It appears that with current setup it will be fine. With 1 fish, 1 clam and several hardy but fussy corals (sun corals, anemone, zoos..) no skimmer and water change will be fine. It is looking very nice now with the setup and scaping. Great Job keep it up!

----------


## Xmant

> It appears that with current setup it will be fine. With 1 fish, 1 clam and several hardy but fussy corals (sun corals, anemone, zoos..) no skimmer and water change will be fine. It is looking very nice now with the setup and scaping. Great Job keep it up!


Thanks. 

This maroon clown is pretty aggressive, had killed 3 clown fish. Don't have any intention to add anymore fish.

----------


## soonhong

Very nice and simple setup.....

----------


## Xmant

> Very nice and simple setup.....


So ...when would you come and join the other dark side? I have sexy shrimps dancing in my tank. :Grin:

----------


## sungod666

with proper skimmer, filtration, live rock and sands, i only change the water once every 2 months. amount change is 50%. otherwise i monitor salinity through pinpoint monitor and top up RO water when the salinity go up. there no need to change water weekly unlike freshwater. Corals, shrimps, and the ICh prone blue tang all survive happily. A UV is a must for small setup if you want your life to be easy. keep algae and ICH away. For corals, u also need to dose Zooplankton.

----------


## Xmant

> with proper skimmer, filtration, live rock and sands, i only change the water once every 2 months. amount change is 50%. otherwise i monitor salinity through pinpoint monitor and top up RO water when the salinity go up. there no need to change water weekly unlike freshwater. Corals, shrimps, and the ICh prone blue tang all survive happily. A UV is a must for small setup if you want your life to be easy. keep algae and ICH away. For corals, u also need to dose Zooplankton.


Thanks for your advise.

BTW, why are you selling away your 105L marine tank setup?

----------


## sungod666

i have 2x 105 L set up. initially plan to sell one away to do a 5 ft but decided to keep it anyway. quite a waste to let go of a new tank at deep discount so i sold the corals in one fo it and turn it into a FOWLR tank. the other remain as a reef tank

----------


## Zee

Hi bro, any updates to your tank?

----------


## Xmant

Update on my pico tank

----------


## fizzy

thats a nice little nano tank, the maroon clown is a very aggresive fish and should only be kept with its own kind, the only way you can mix clowns is in a very large tank, i have been keeping marines for over 20yrs now and have learnd alot along the way, if you are not using a skimmer then make sure you do regular water changes.

----------


## Xmant

> thats a nice little nano tank, the maroon clown is a very aggresive fish and should only be kept with its own kind, the only way you can mix clowns is in a very large tank, i have been keeping marines for over 20yrs now and have learnd alot along the way, if you are not using a skimmer then make sure you do regular water changes.


Thanks for your advice.

----------


## diazman

What type of HOF is that? looks really sleek.

----------


## Xmant

> What type of HOF is that? looks really sleek.
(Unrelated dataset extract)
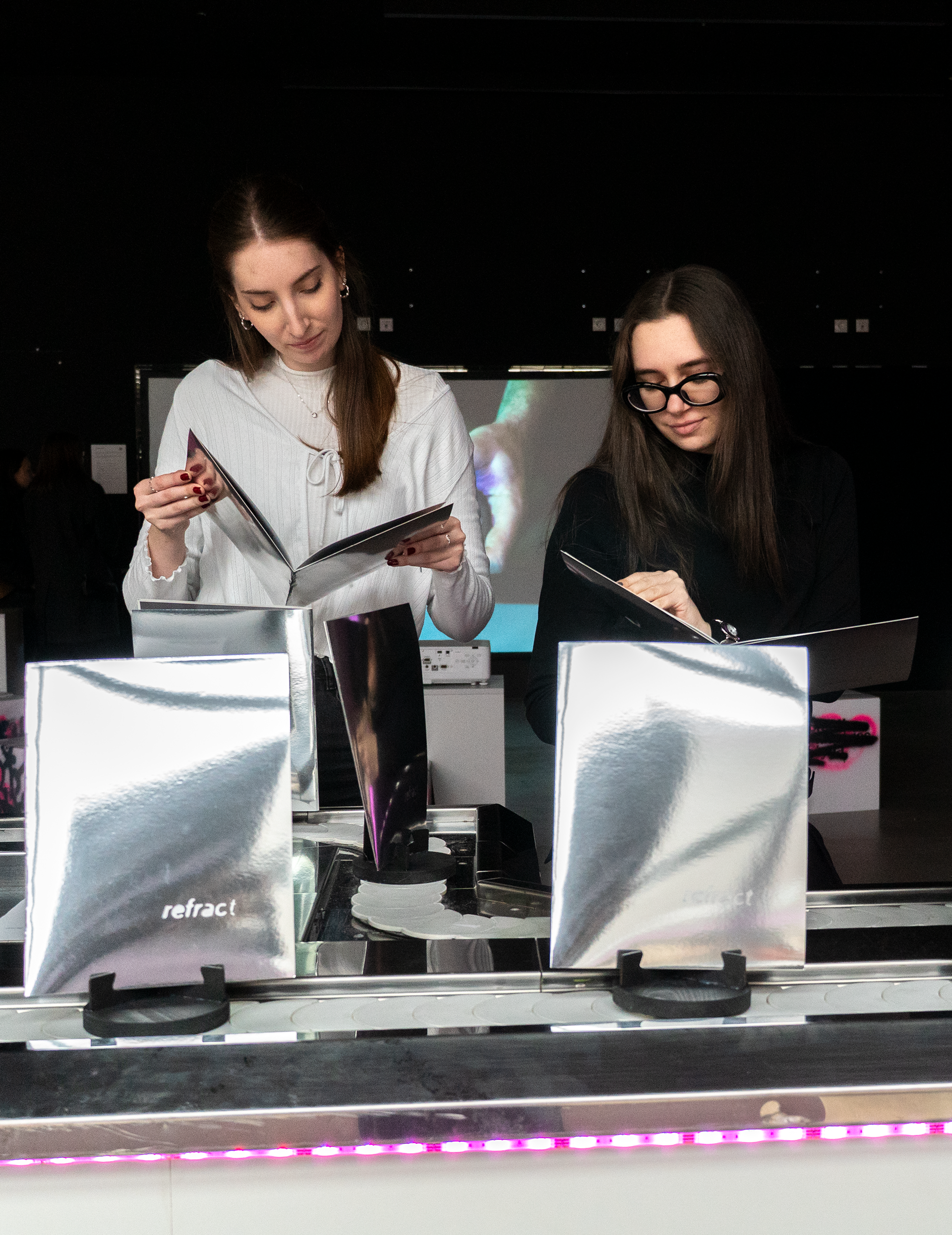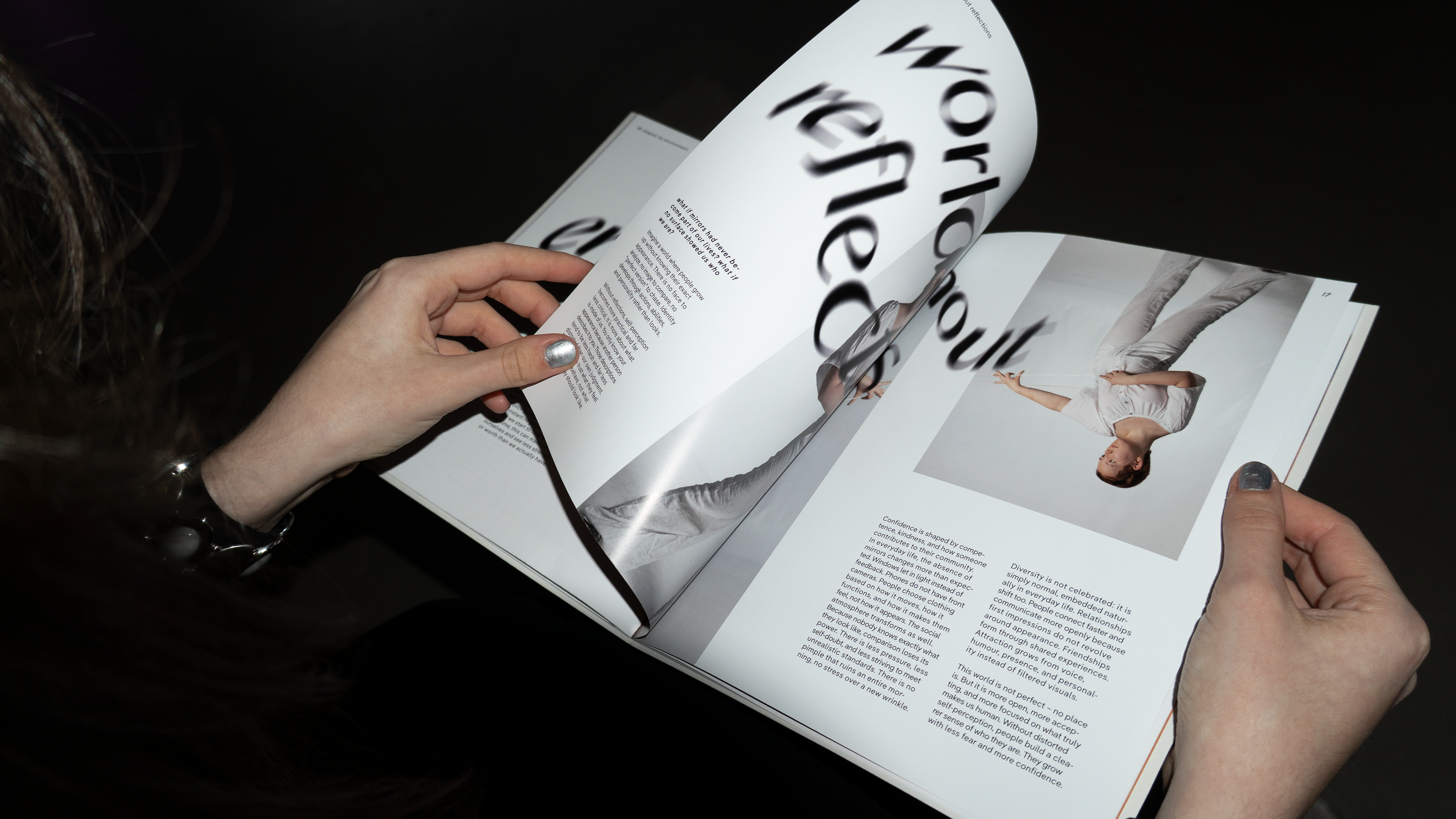 A broken mirror does not reflect (me). Refract deals with the distorted self-image, as individual as the person behind it. Our magazine on the subject is also unique. From texts to photos, concept, layout, and print finishing, everything is self-made, making each copy one of a kind. The terms “reflection,” “mirror,” and “distort” run through the entire project as key visuals. The magazine was presented at the “Crush” exhibition at FH Joanneum in Graz. Over four days, visitors were able to browse through the pages, reflect, think, exchange ideas, and experience the interactive elements using Artivive.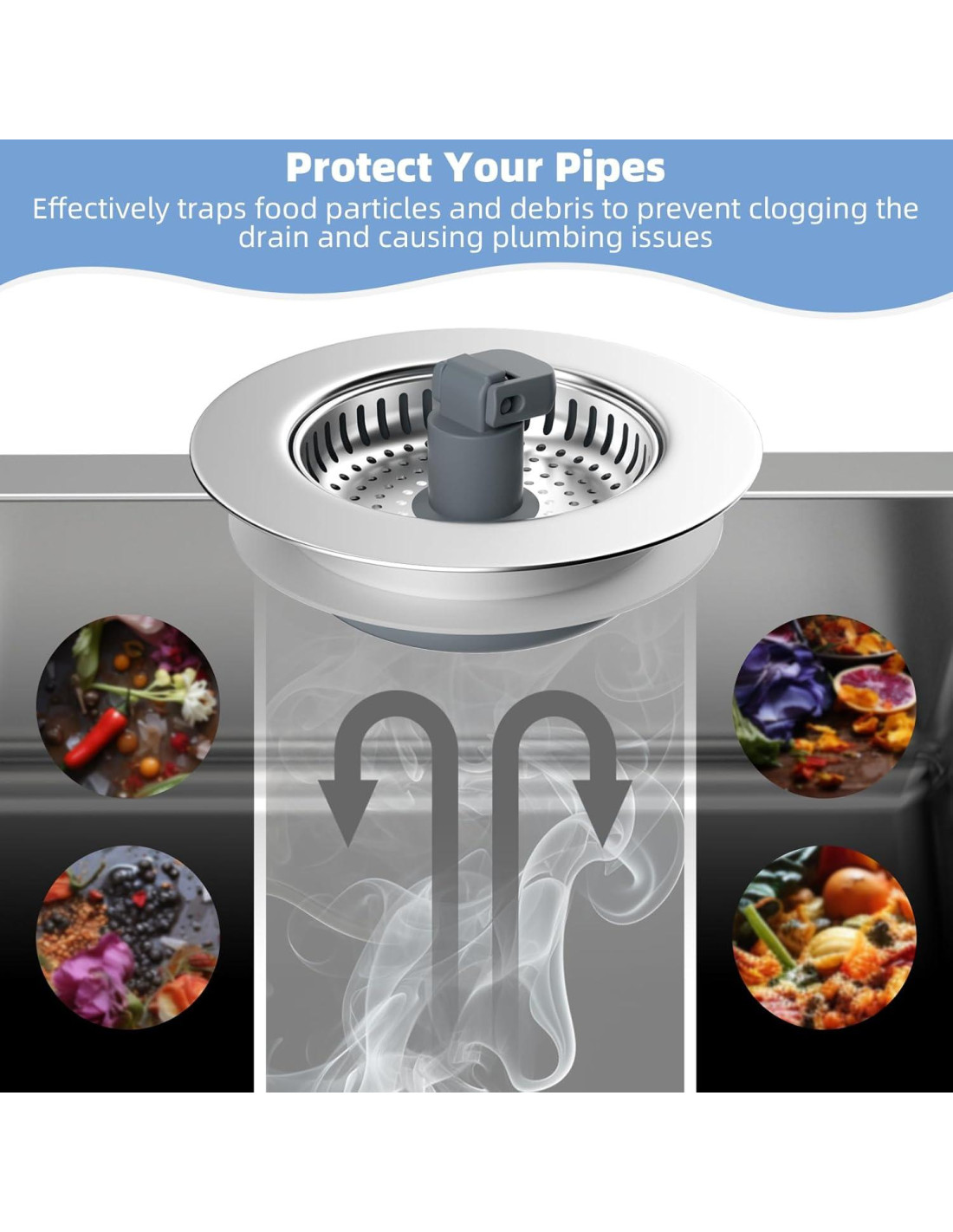 - [Diseño Multifuncional] Este filtro de fregadero integra almacenamiento de agua, filtrado y control de olores. Equipado con múltiples juntas de sellado, asegura un almacenamiento de agua sin fugas mientras bloquea eficazmente el olor del drenaje. También se puede utilizar como un reservorio de agua para limpiar y remojar. La cesta perforada facilita un filtrado eficiente de desechos de cocina sin obstruir el flujo de agua, previniendo bloqueos

That was an Ocean Free OHF, the biggest size, that I have got for my pico tank to act as a current circulator. I have removed all the filter medias that came with it and replaced with chaeto only to absorb all the possible nitrate in the saltwater. On top of this OHF, I have DIY a lighting which made of white LED, turned on for about 3/4 of the day.

----------


## diazman

Mind sharing where you get the HOF, its Wattage usage and how much? been looking for one large HOF but none suitable one. haha.

----------


## Xmant

> Mind sharing where you get the HOF, its Wattage usage and how much? been looking for one large HOF but none suitable one. haha.


I bought it from Y934, Aquastar. The model type is OHF2, it could be medium size. The power consumption is 5W. However as for the price, I can't recall the exact, around from $15 - $30.

----------


## diazman

Right, many thanks! gonna source for one soon

----------


## cdckjn

Your cleaner shrimp is getting too big for your tank. once the maroon clown gets bigger, it will bully the other fishes. Your yellow-tail fishes are alos aggressive in nature, and now each occupying a corner so no fighting. After they all get bigger, situation will be worse.

----------


## spkentchai

Yeah...size does matters in marine...bigger they get....more fierce they become

----------